= Quasi-Monte Carlo method =

Numerical integration process

256 points from a pseudorandom number source, and Sobol sequence (red=1,..,10, blue=11,..,100, green=101,..,256). Points from Sobol sequence are more evenly distributed.
Pseudorandom sequence
A Sobol sequence of low-discrepancy quasi-random numbers, showing the first 10 (red), 100 (red+blue) and 256 (red+blue+green) points from the sequence.

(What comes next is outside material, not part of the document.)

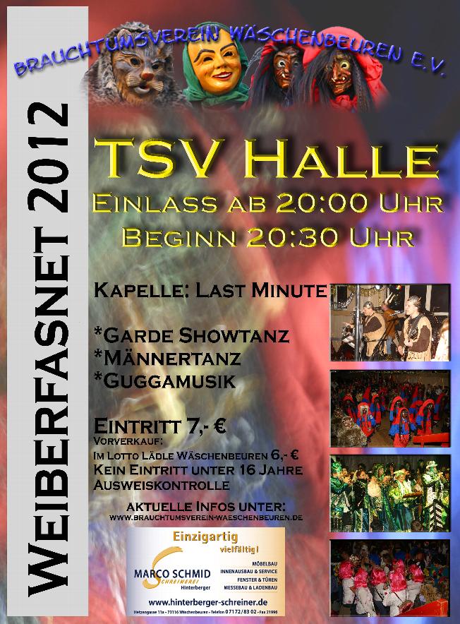 Gombiger Doschdig 2006 20.30 Uhr die Toren der Bürenhalle sind geöffnet, die Halle liebevoll geschmückt und hergerichtet, die Getränke an der Bar eisgekühlt, nun konnte es losgehen. Auch Last Minute spielte schon die erste Tanzrunde und unsere Gäste legten auch gleich los. Schon nach der ersten Tanzrunde dachte keiner mehr an die Kälte von draußen. Und das dies so blieb, hierfür sorgte unsere Tanzgarde Wäschenbeuren mit einem tollen Auftritt. Unsere Narren ob nun Hexen, Clowns, Ute Hagen oder sonstige Gestalten, alle waren voll dabei. Sollte es bis jetzt noch einen gegeben haben der ruhig saß, dann war dies beim Auftritt unseres " Blumenmann " mit Feinripp und Bienchen vorbei. |

In numerical analysis, the quasi-Monte Carlo method is a method for numerical integration and solving some other problems using low-discrepancy sequences (also called quasi-random sequences or sub-random sequences) to achieve variance reduction. This is in contrast to the regular Monte Carlo method or Monte Carlo integration, which are based on sequences of pseudorandom numbers.

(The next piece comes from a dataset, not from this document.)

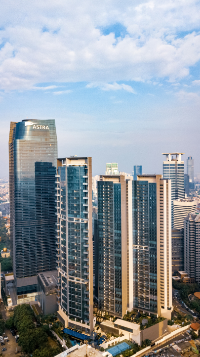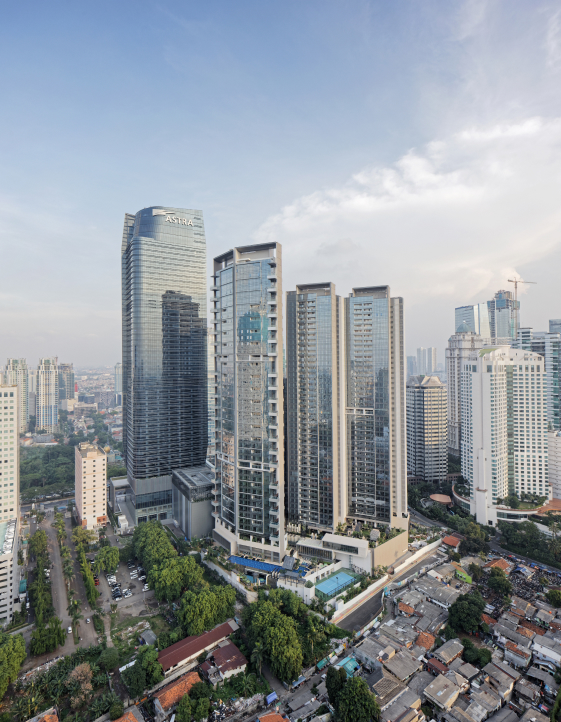 Anandamaya Residences is located along the prominent Jalan Jendral Sudirman in the heart of Jakarta’s CBD, the Golden Triangle. Comprising three towers over 200 meters tall, Anandamaya shapes the city’s skyline with its elegant asymmetry. The name “Anandamaya,” meaning serenity, is meticulously woven into the design, melding luxury with tranquility to create a living environment akin to a lavish resort.

Monte Carlo and quasi-Monte Carlo methods are stated in a similar way.
The problem is to approximate the integral of a function f as the average of the function evaluated at a set of points x_{1}, ..., x_{N}:

$\int_{[0,1]^s} f(u)\,{\rm d}u \approx \frac{1}{N}\,\sum_{i=1}^N f(x_i).$

Since we are integrating over the s-dimensional unit cube, each x_{i} is a vector of s elements. The difference between quasi-Monte Carlo and Monte Carlo is the way the x_{i} are chosen. Quasi-Monte Carlo uses a low-discrepancy sequence such as the Halton sequence, the Sobol sequence, or the Faure sequence, whereas Monte Carlo uses a pseudorandom sequence. The advantage of using low-discrepancy sequences is a faster rate of convergence. Quasi-Monte Carlo has a rate of convergence close to O(1/N), whereas the rate for the Monte Carlo method is O(N^{−0.5}).

The Quasi-Monte Carlo method recently became popular in the area of mathematical finance or computational finance. In these areas, high-dimensional numerical integrals, where the integral should be evaluated within a threshold ε, occur frequently. Hence, the Monte Carlo method and the quasi-Monte Carlo method are beneficial in these situations.

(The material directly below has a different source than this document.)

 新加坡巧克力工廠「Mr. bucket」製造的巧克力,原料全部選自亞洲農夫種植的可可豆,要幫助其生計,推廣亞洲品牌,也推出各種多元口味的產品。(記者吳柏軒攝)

== Approximation error bounds of quasi-Monte Carlo ==
The approximation error of the quasi-Monte Carlo method is bounded by a term proportional to the discrepancy of the set x_{1}, ..., x_{N}. Specifically, the Koksma–Hlawka inequality states that the error

$\varepsilon = \left| \int_{[0,1]^s} f(u)\,{\rm d}u - \frac{1}{N}\,\sum_{i=1}^N f(x_i) \right|$
is bounded by
$|\varepsilon| \leq V(f) D_N,$

where V(f) is the Hardy–Krause variation of the function f (see Morokoff and Caflisch (1995) for the detailed definitions). D_{N} is the so-called star discrepancy of the set (x_{1},...,x_{N}) and is defined as

$D_N = \sup_{Q \subset [0,1]^s} \left| \frac{\text{number of points in } Q} N - \operatorname{volume}(Q) \right|,$

where Q is a rectangular solid in [0,1]^{s} with sides parallel to the coordinate axes. The inequality $|\varepsilon| \leq V(f) D_N$ can be used to show that the error of the approximation by the quasi-Monte Carlo method is $O\left(\frac{(\log N)^s}{N}\right)$, whereas the Monte Carlo method has a probabilistic error of $O\left(\frac 1 {\sqrt N}\right)$. Thus, for sufficiently large $N$, quasi-Monte Carlo will always outperform random Monte Carlo. However, $\log(N)^s$ grows exponentially quickly with the dimension, meaning a poorly-chosen sequence can be much worse than Monte Carlo in high dimensions. In practice, it is almost always possible to select an appropriate low-discrepancy sequence, or apply an appropriate transformation to the integrand, to ensure that quasi-Monte Carlo performs at least as well as Monte Carlo (and often much better).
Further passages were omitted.